The advertising strategy of the next technological gimmick is always based on what this gimmick can do and not what you can do with the gimmick.
This might sound counterintuitive, because if we look at the way the toys of the moment are presented to the prospect customers, the ads are focused on the opposite approach. Look at these landscape gorgeous pictures, incredible slow motion kids’ soccer match video or stunning portraits displayed everywhere on the web: isn’t all that an evidence that the communication is user-directed?
Well, let’s scratch the surface.
It is an old belief of the photographers’ community that taking a beautiful picture has more, more to do with the capability of the photographer than with the hardware he uses. Or, to put it in another way, a good photographer with a bad camera will take absolutely better pictures than a bad photographer with the best camera available.

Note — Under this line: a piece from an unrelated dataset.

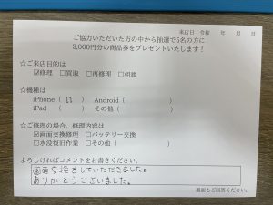 iPhone 11の画面交換修理でご依頼いただいたお客様からお声を頂きました!

Switching back to the topic, the stunning pictures and videos used as a demonstration of what can be done with the next gimmick lacks of a couple of information attached: what you see is the work of a professional that uses the tool with professional capability and further rigs. This report from Petapixel about the “Shot on Iphone” campaign shows exactly what I mean.
Sure, in the “Shot on Iphone” Apple added a small print informing that “Additional equipment and software used”
but to be actually truthful, the advertising would have add the words “professional photographer” to “equipment” and “software”. ? Even though, indeed, a simpleton user would buy a costly smartphone rig like this
he would never, ever be able to reproduce those incredible results shown everywhere, on websites, TV commercials, printed articles.
So, we can safely say that while this communication strategy is not illegal, it reveals that instead of being “well told”, truth has been “ingenuously hidden”.
But why?
A possible answer is that an advertising campaign doesn’t come from outer space while, on the contrary, it is the outcome of months of marketing researches, focus group analysis and consumers’ behaviour assessment.
So, if the advertising agency chose not to include the “professional photographer” words in the fine print accompanying the “Shot on Iphone” claim, this likely is because telling a prospective customer that he will need to learn (many) additional skills to enjoy the product has been deemed as negatively affecting the appeal – and the sales, finally – of the product.
From a sociological perspective, advertising don’t lie: it provides a straight, uncut view over our way of life and thinking, and what can be seen through the lens of the “Shot on Iphone” campaign, as well as through the way technology is spun to the consumers is fairly scaring.
We are pushed into buying things and led to believe that we don’t need knowledge and wisdom to use it.
Or we are treated like that because we actually do lack knowledge and wisdom?